Extracted entries

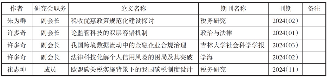 1.陈少英(会长)主编、欧阳天健(副秘书长)副主编:《税法学教程(第三版)》,北京大学出版社,2024年7月出版。2.许多奇(副会长)、程雪军译:《税法的哲学基础》,商务印书馆,2024年2月出版。3.许多奇(副会长)主编:《税法精要》,法律出版社,2024年8月出版。4.李九领(理事)主编翻译:《美国协调关税税则(前言及附录)》,上海财经大学出版社,2024年10月出版。5.李九领(理事)主编翻译:《美国协调关税税则(正文·上册)》,上海财经大学出版社,2024年10月出版。6.李九领(理事)主编翻译:《美国协调关税税则(正文·下册)》,上海财经大学出版社,2024年10月出版。7.欧阳天健(副秘书长)著:《个人所得税反避税问题研究》,法律出版社,2024年2月出版。8.全开明(成员)著:《税务筹划实务指引:优惠与风险,法律出版社,2024年5月出版。
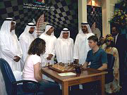 Las partidas no podían empezar tal cual porque "su majestad", el jeque había anunciado que iba a realizar la primera jugada para inaugurar el torneo. Resultó que llegó un poco tarde da menera que no hubo más remedio que esperar. ¡No jaque sin jeque!
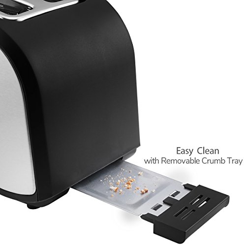 ♥ ONE -TOUCH FUNCTION: the Toaster comes with LED-indicator lights button and slide-out crumb tray makes cleanup a snap
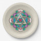 These paper plates that match Jewbilee's newest Shabbos charcuterie board. Leslie Sigal Javorek's original digital painting gives illusion of hand-thrown pottery, an Art Nouveau-ish mandala, heart inside Star of David, surrounded by highly stylized flowers.
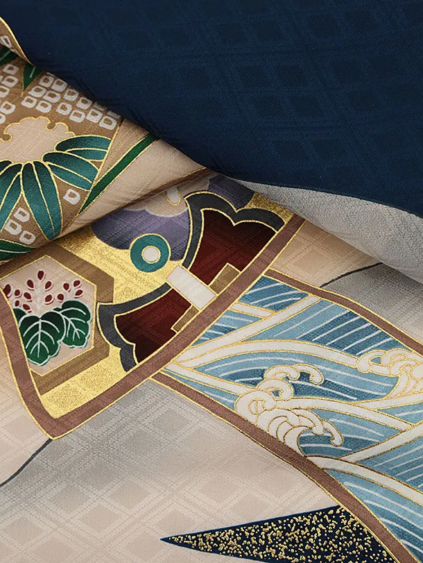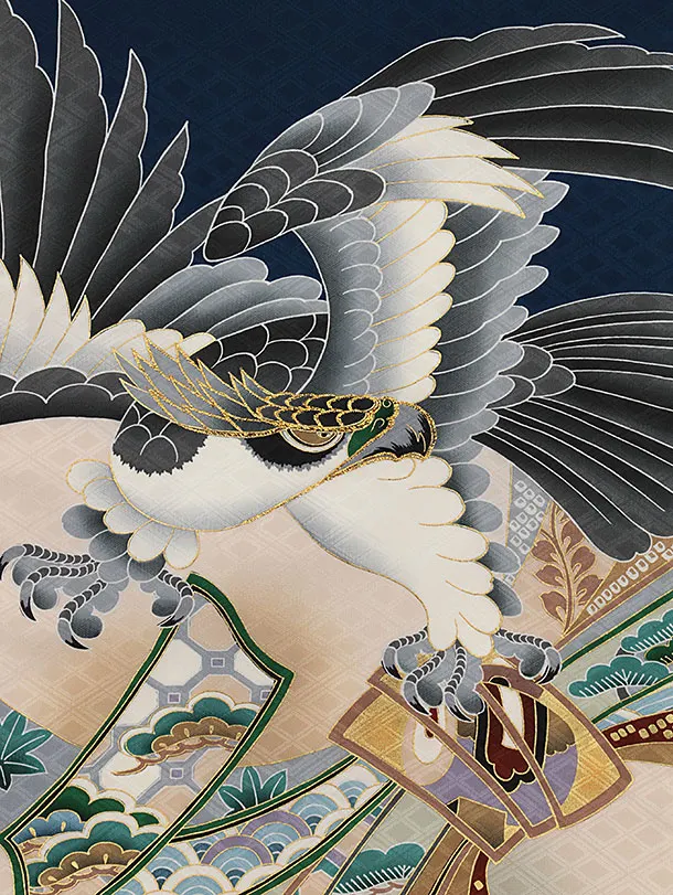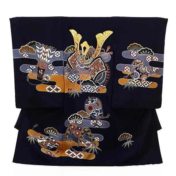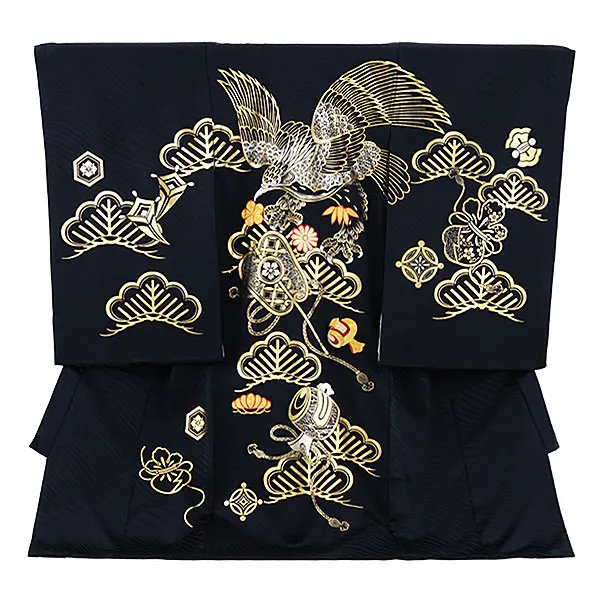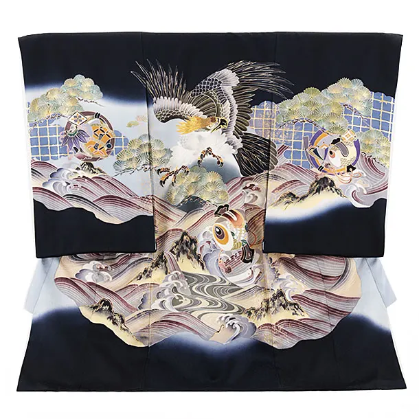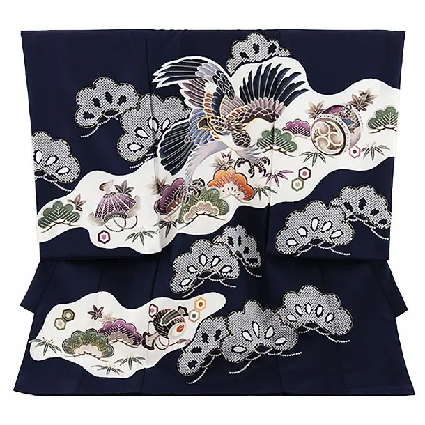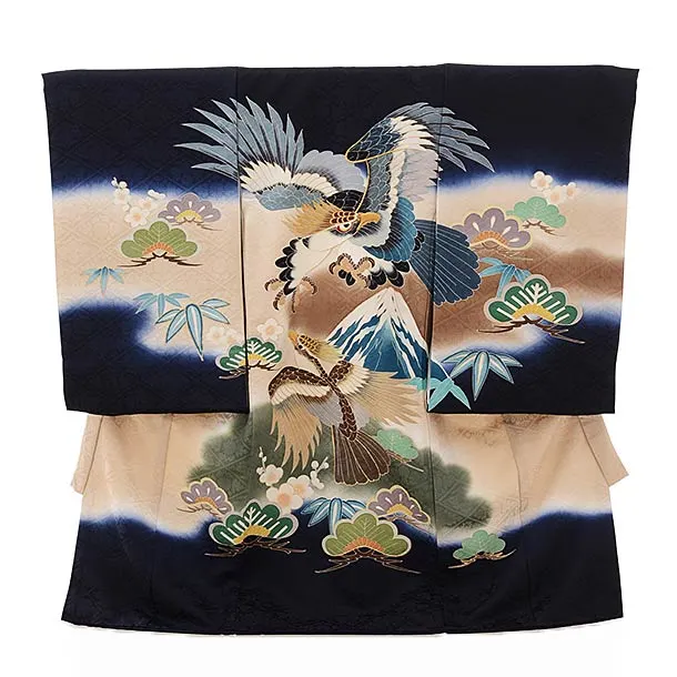 男児産着 お宮参りレンタル2743【正絹】紺地 鷹に束ね熨斗
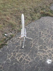 Die 60mm Modellrakete ist heute das erste Mal und das zweite Mal gestartet. Ich hatte einfach Pech, ein Motor, D12-5, war ein Durchzünder beim zweiten Start. Der Motor hat das Körperrohr zerstört. Ich werde die Modellrakete nicht wieder aufbauen. Die Reste nehme ich für eine neue Modellrakete.
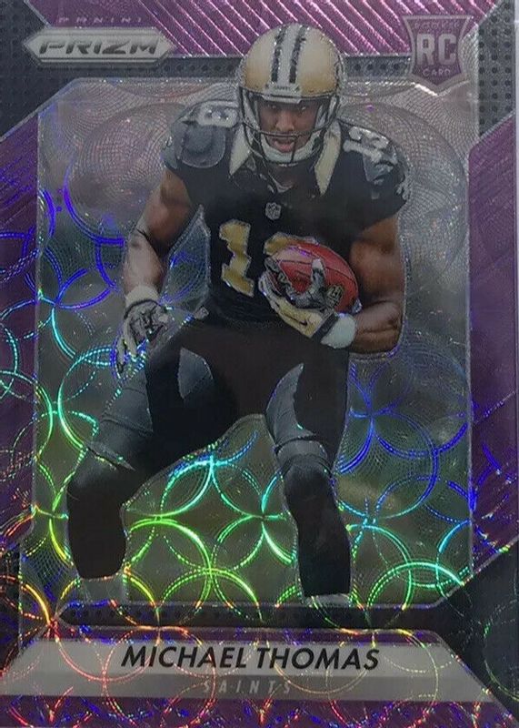 The Michael Thomas 2016 Prizm #230 Purple Scope /99 Rookie card in Raw condition has not changed in price in the last 30 days and was last sold for $3.25 .
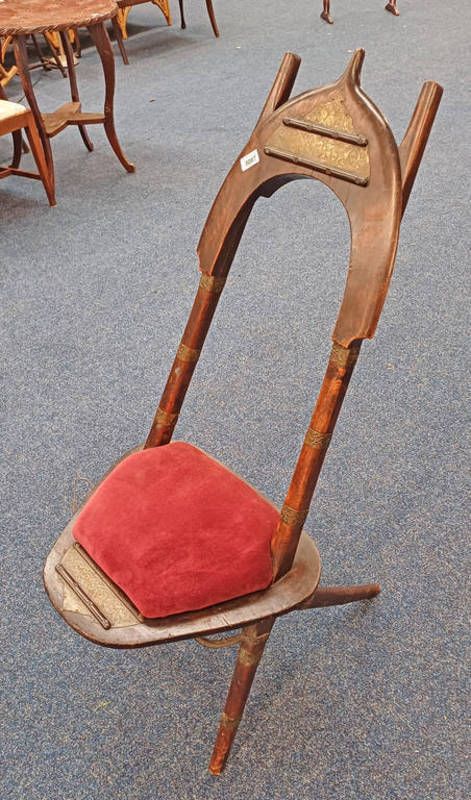 Oriental hardwood chair with ornate copper & etched brass fittings - 110 cm tall
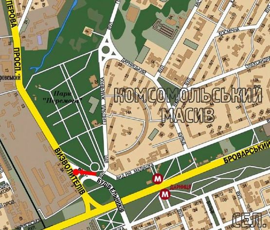 Призма в г. Киев на Освободителей пр., 3А, напротив, разделитель, в сторону Перова бул.

Task to complete
The reply should contain all of the data above, word for word, with no pictures.

Finished exercise
 1.陈少英(会长)主编、欧阳天健(副秘书长)副主编:《税法学教程(第三版)》,北京大学出版社,2024年7月出版。2.许多奇(副会长)、程雪军译:《税法的哲学基础》,商务印书馆,2024年2月出版。3.许多奇(副会长)主编:《税法精要》,法律出版社,2024年8月出版。4.李九领(理事)主编翻译:《美国协调关税税则(前言及附录)》,上海财经大学出版社,2024年10月出版。5.李九领(理事)主编翻译:《美国协调关税税则(正文·上册)》,上海财经大学出版社,2024年10月出版。6.李九领(理事)主编翻译:《美国协调关税税则(正文·下册)》,上海财经大学出版社,2024年10月出版。7.欧阳天健(副秘书长)著:《个人所得税反避税问题研究》,法律出版社,2024年2月出版。8.全开明(成员)著:《税务筹划实务指引:优惠与风险,法律出版社,2024年5月出版。
 Las partidas no podían empezar tal cual porque "su majestad", el jeque había anunciado que iba a realizar la primera jugada para inaugurar el torneo. Resultó que llegó un poco tarde da menera que no hubo más remedio que esperar. ¡No jaque sin jeque!
 ♥ ONE -TOUCH FUNCTION: the Toaster comes with LED-indicator lights button and slide-out crumb tray makes cleanup a snap
 These paper plates that match Jewbilee's newest Shabbos charcuterie board. Leslie Sigal Javorek's original digital painting gives illusion of hand-thrown pottery, an Art Nouveau-ish mandala, heart inside Star of David, surrounded by highly stylized flowers.
 男児産着 お宮参りレンタル2743【正絹】紺地 鷹に束ね熨斗
 Die 60mm Modellrakete ist heute das erste Mal und das zweite Mal gestartet. Ich hatte einfach Pech, ein Motor, D12-5, war ein Durchzünder beim zweiten Start. Der Motor hat das Körperrohr zerstört. Ich werde die Modellrakete nicht wieder aufbauen. Die Reste nehme ich für eine neue Modellrakete.
 The Michael Thomas 2016 Prizm #230 Purple Scope /99 Rookie card in Raw condition has not changed in price in the last 30 days and was last sold for $3.25 .
 Oriental hardwood chair with ornate copper & etched brass fittings - 110 cm tall
 Призма в г. Киев на Освободителей пр., 3А, напротив, разделитель, в сторону Перова бул.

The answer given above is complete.